Given entries –
##########

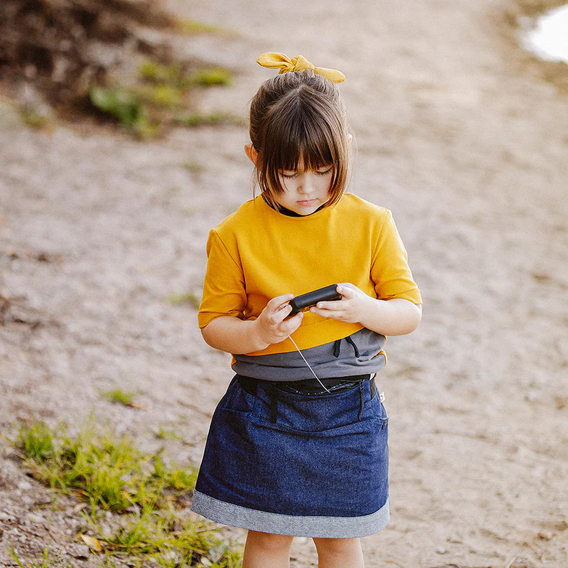 Fusta din denim pentru fete T1D-Friendly cu buzunare - 100% bumbac certificat GOTS, stil atemporal
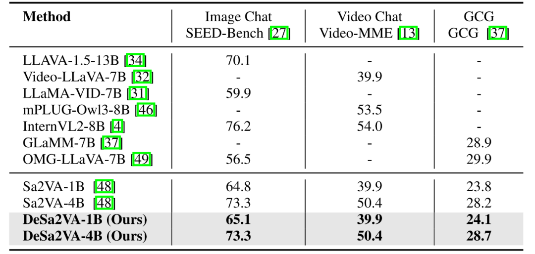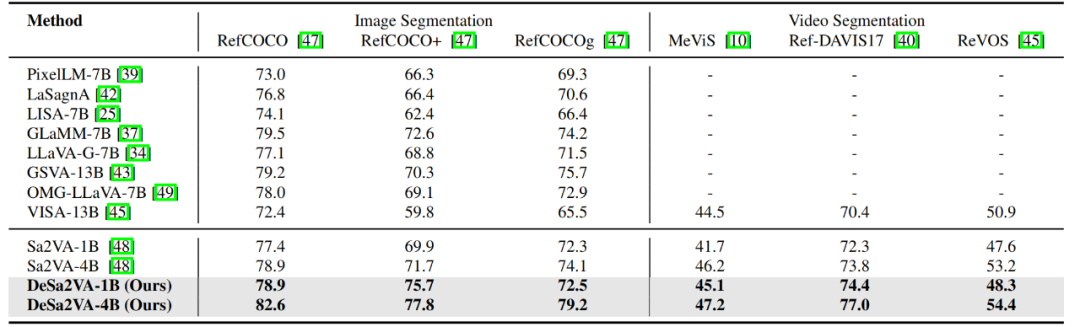 表 1: 图像/视频分割任务性能对比结果。无论采用 1B 还是 4B 模型规模,研究团队的 DeSa2VA 均在图像与视频分割任务上全面超越基线模型。
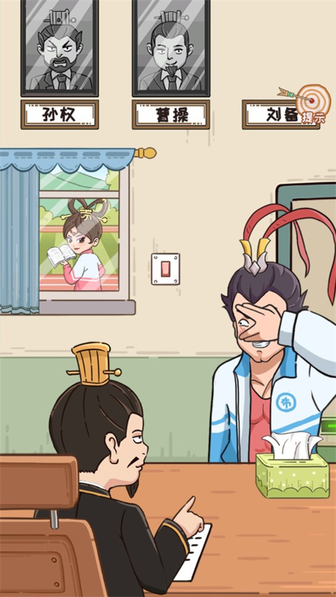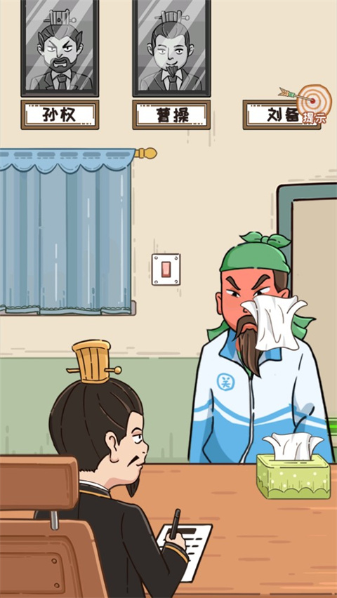 把刘禅手里的画拖到顶部的挂画空位,长按画像进行拖动,让名字和对应的画像角色匹配就能通关了。
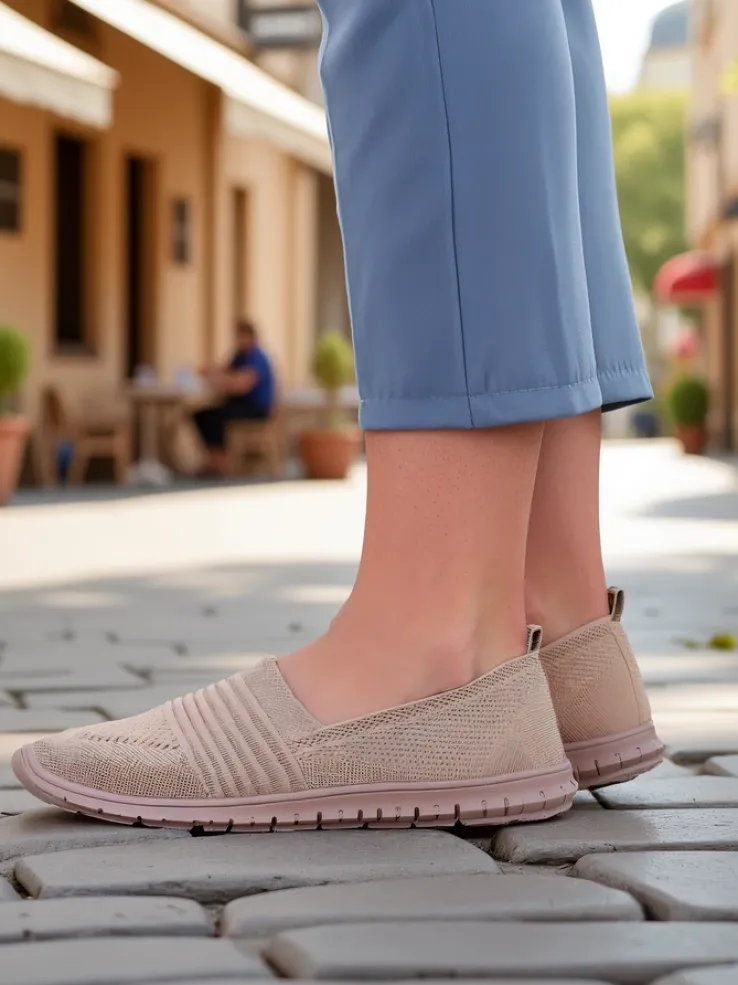 - Sportowe damskie mokasyny na płaskiej podeszwie. Klasyczny model wykonany z tkaniny. Idealna baza na co dzień!
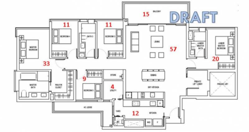 5房户型,面积为195平方米/2099英尺,有钱人喜欢买的户型,客厅多达57平方米,大到可以带小孩踢室内足球或者室内赛车,任性的主卧和卫生间面积多达33平方米,自带衣帽间,女主人最爱的独立衣帽间,大平层大户型设计,没有浪费的面积。
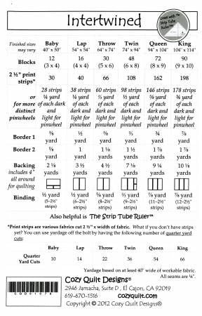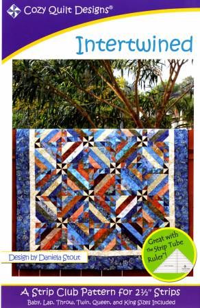 From Cozy Quilt Designs By Stout, Daniela In Quilts Intertwined - A Cozy Strip Club Pattern Designed for 2½" Strips It's amazing what you can do with just strip fabrics and borders! With just handful of 2 ½" strips and the tube technique, you can complete this striking quilt in no time at all. It is one simple block twisted and turned to create the intertwined effect with popping pinwheels. So grab your favorite strip bundle and get going! As a bonus feature, we have included the fabric requirements you need if you want additional yardage for the pinwheels. This is particularly helpful if you want to use pinwheel fabrics that contrast your strip bundle and really pop! This great pattern is made even easier with Cozy's Strip Tube Ruler! The pattern includes instructions for: • Baby • Lap • Throw • Queen • King

##########

What the task asks – Can the lines from the one with "- Sportowe damskie" to the end of the records above be quoted exactly, both ends included, with every picture omitted?

Solved exercise –
 - Sportowe damskie mokasyny na płaskiej podeszwie. Klasyczny model wykonany z tkaniny. Idealna baza na co dzień!
 5房户型,面积为195平方米/2099英尺,有钱人喜欢买的户型,客厅多达57平方米,大到可以带小孩踢室内足球或者室内赛车,任性的主卧和卫生间面积多达33平方米,自带衣帽间,女主人最爱的独立衣帽间,大平层大户型设计,没有浪费的面积。
 From Cozy Quilt Designs By Stout, Daniela In Quilts Intertwined - A Cozy Strip Club Pattern Designed for 2½" Strips It's amazing what you can do with just strip fabrics and borders! With just handful of 2 ½" strips and the tube technique, you can complete this striking quilt in no time at all. It is one simple block twisted and turned to create the intertwined effect with popping pinwheels. So grab your favorite strip bundle and get going! As a bonus feature, we have included the fabric requirements you need if you want additional yardage for the pinwheels. This is particularly helpful if you want to use pinwheel fabrics that contrast your strip bundle and really pop! This great pattern is made even easier with Cozy's Strip Tube Ruler! The pattern includes instructions for: • Baby • Lap • Throw • Queen • King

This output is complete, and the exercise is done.